● **Exercise goal**
A stretch of the entries below is to be set down exactly, running from the line with "One 1929 American" through the line with "She returned home", both included, and no other line.

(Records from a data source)
__________

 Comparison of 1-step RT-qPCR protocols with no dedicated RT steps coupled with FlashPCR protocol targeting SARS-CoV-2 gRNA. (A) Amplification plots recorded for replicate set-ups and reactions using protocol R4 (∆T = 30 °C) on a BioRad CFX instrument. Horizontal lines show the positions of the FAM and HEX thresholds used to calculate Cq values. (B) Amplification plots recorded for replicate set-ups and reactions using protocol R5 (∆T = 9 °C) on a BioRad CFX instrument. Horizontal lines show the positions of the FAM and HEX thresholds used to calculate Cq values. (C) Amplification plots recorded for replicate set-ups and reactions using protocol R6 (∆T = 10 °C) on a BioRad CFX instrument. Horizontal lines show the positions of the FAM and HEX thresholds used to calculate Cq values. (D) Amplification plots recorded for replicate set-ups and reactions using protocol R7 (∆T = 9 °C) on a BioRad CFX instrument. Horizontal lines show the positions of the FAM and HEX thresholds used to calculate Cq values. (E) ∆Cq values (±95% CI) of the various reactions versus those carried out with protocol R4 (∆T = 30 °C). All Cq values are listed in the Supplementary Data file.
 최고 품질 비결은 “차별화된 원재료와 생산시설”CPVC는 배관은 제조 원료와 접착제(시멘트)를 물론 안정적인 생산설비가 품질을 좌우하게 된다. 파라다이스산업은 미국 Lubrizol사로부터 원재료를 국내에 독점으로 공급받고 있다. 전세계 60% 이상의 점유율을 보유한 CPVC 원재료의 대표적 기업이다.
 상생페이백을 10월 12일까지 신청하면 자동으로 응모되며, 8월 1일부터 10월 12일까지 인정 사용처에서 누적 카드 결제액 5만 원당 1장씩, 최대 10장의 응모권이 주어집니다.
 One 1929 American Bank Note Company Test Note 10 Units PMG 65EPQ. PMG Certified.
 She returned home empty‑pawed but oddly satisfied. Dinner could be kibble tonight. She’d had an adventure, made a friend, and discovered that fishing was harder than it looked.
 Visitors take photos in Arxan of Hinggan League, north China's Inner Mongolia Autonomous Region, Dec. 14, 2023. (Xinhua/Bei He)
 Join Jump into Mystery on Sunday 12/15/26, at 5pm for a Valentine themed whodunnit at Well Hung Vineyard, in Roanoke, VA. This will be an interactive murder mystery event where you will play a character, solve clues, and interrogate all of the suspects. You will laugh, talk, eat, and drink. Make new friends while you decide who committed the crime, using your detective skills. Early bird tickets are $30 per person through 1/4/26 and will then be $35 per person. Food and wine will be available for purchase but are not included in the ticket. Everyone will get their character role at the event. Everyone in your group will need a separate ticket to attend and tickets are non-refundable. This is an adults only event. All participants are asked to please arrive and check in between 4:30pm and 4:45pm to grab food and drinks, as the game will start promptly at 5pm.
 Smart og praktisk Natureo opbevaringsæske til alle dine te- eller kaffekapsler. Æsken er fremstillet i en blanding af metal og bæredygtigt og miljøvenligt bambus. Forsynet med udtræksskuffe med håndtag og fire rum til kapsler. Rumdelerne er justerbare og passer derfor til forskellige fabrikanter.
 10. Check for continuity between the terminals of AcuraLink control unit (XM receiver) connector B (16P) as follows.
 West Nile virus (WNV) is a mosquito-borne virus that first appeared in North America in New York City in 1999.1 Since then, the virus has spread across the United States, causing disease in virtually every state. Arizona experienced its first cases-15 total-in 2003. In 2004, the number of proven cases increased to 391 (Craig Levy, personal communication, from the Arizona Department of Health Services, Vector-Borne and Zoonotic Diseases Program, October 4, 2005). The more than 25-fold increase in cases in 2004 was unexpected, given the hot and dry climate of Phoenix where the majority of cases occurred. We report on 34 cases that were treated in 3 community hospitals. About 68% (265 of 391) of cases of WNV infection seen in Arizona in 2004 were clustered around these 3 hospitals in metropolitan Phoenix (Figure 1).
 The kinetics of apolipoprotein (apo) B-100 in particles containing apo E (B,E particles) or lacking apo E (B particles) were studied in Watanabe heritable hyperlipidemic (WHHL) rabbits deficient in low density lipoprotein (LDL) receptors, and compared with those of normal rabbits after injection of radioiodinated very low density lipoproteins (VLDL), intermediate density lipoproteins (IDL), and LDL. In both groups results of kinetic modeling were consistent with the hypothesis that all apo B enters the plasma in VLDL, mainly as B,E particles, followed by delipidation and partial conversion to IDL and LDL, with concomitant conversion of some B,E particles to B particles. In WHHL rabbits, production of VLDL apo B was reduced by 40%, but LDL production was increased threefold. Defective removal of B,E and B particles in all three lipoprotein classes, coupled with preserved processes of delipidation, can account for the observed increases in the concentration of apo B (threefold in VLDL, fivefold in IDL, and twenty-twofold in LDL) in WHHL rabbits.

__________

● **Answer**
 One 1929 American Bank Note Company Test Note 10 Units PMG 65EPQ. PMG Certified.
 She returned home empty‑pawed but oddly satisfied. Dinner could be kibble tonight. She’d had an adventure, made a friend, and discovered that fishing was harder than it looked.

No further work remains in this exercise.